The easiest way to tell the difference between true and pseudostrabismus is to see a child’s flash photo. If the light is reflected from both eyes in the same place, the baby suffers from pseudostrabismus. Ophthalmologists can detect pseudostrabismus by performing a complete eye exam and checking for shortsightedness or farsightedness in a child.
Pseudostrabismus resolves by itself with age, thus making it easy to differentiate it from true strabismus, which persists through adulthood.
Is It Useful to Differentiate True Strabismus From Pseudostrabismus?
Differentiating pseudostrabismus from its true counterpart is essential, as if true strabismus is left untreated, it can cause vision loss.
What Is the Overall Outlook of Pseudostrabismus?

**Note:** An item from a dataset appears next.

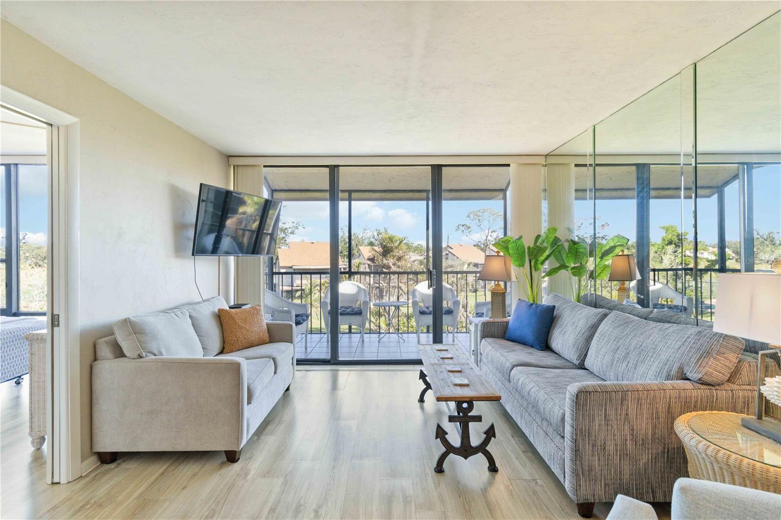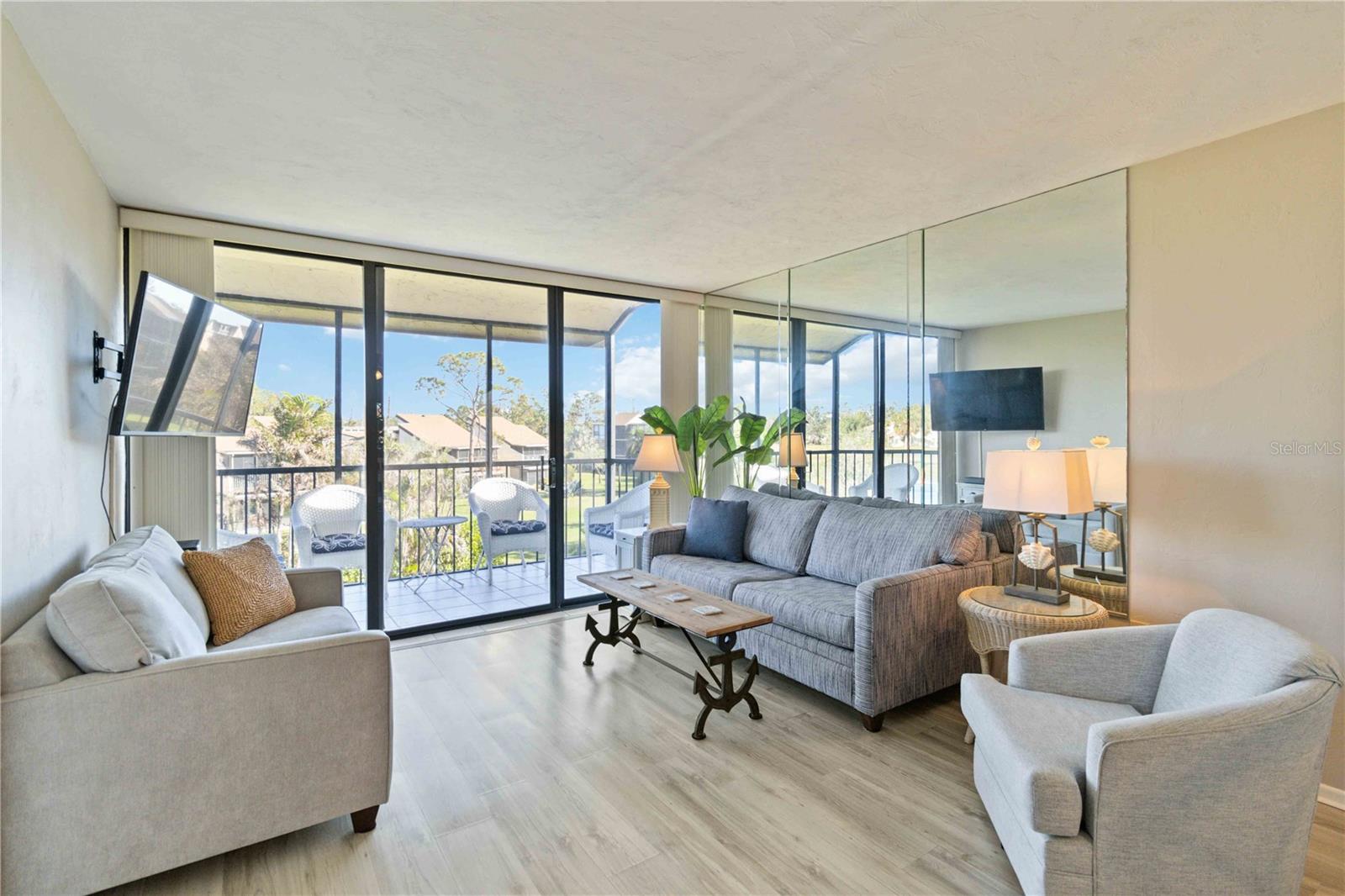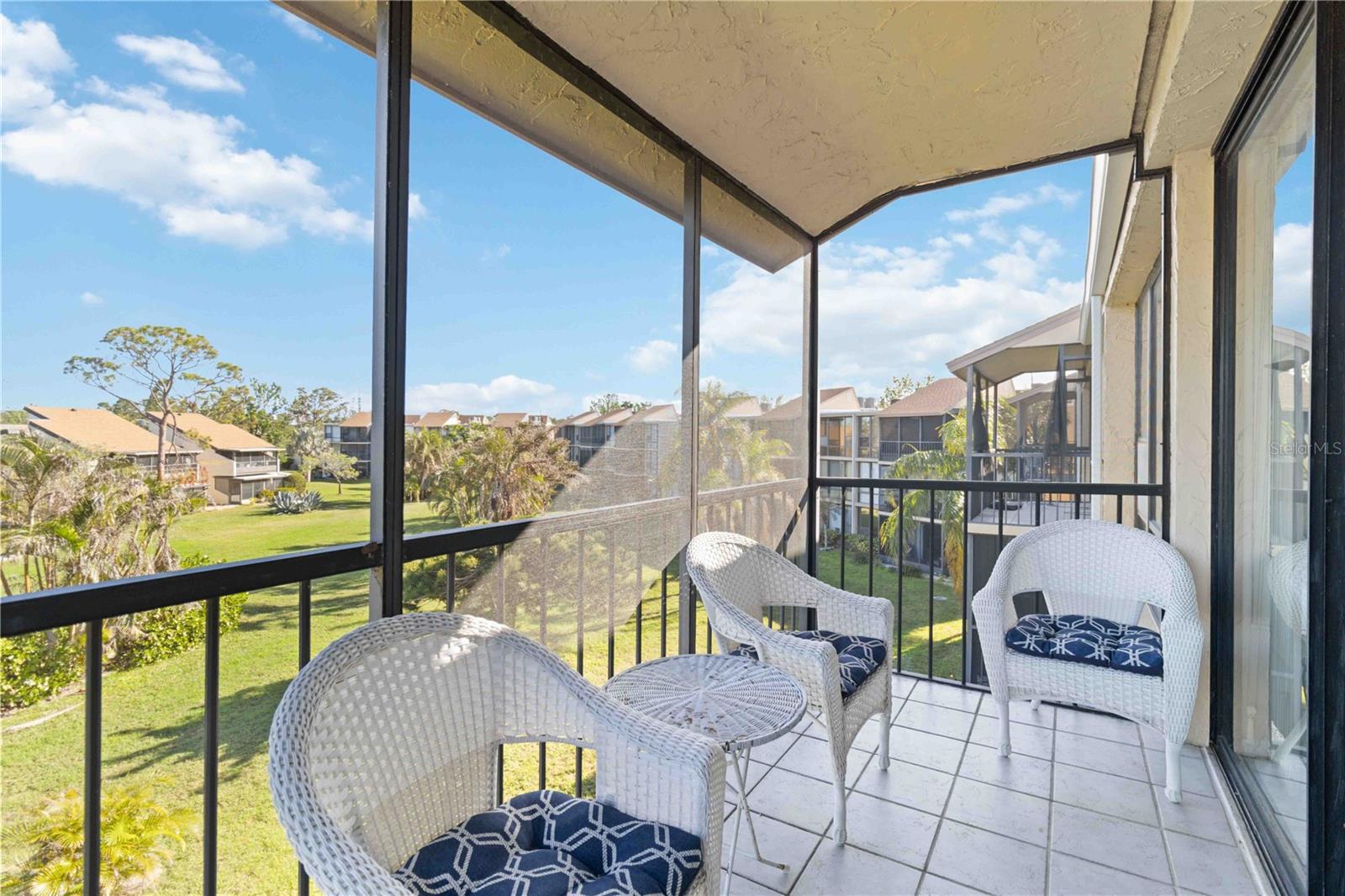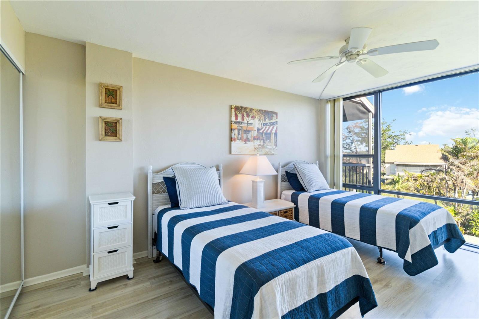 What a view from this 3rd floor end unit overlooking the tennis courts and pool! Full length windows in both bedrooms as well as the living room lets the light pour in. Sit out on the porch and watch the tennis players. Elevator makes it super easy to access! Laundry room is on the same floor. Selling turnkey so all you need to bring is your suitcases. Extra storage unit down the hall. 2 year old roof and resurfaced community pool. Only 2 miles to Venice Beach! Come check it out, Bird Bay has so much to do: clubhouse, pool, gym, library, yoga studio, tennis courts, pickleball courts, basketball hoop, shuffleboard courts, bocce turf court, and ping-pong! **Seller is offering a $9,000 credit to cover new A/C & Hot Water Heater!** (Current ones are working fine but are older models) Required Structural Inspections have been completed on the building and no issues were found.

Overall, pseudostrabismus enjoys an excellent prognosis, with most cases showing complete resolution within two to three years of age. Pseudostrabismus with positive or negative kappa angle persists throughout life.
Conclusion
Pseudostrabismus is mostly a self-limiting condition of the eye characterized by the appearance of malalignment of the eyes. It primarily develops due to morphological changes in the child’s face while growing; hence, it resolves spontaneously with time. It is essential to differentiate it from true strabismus, which severely interferes with the normal visual development of a child.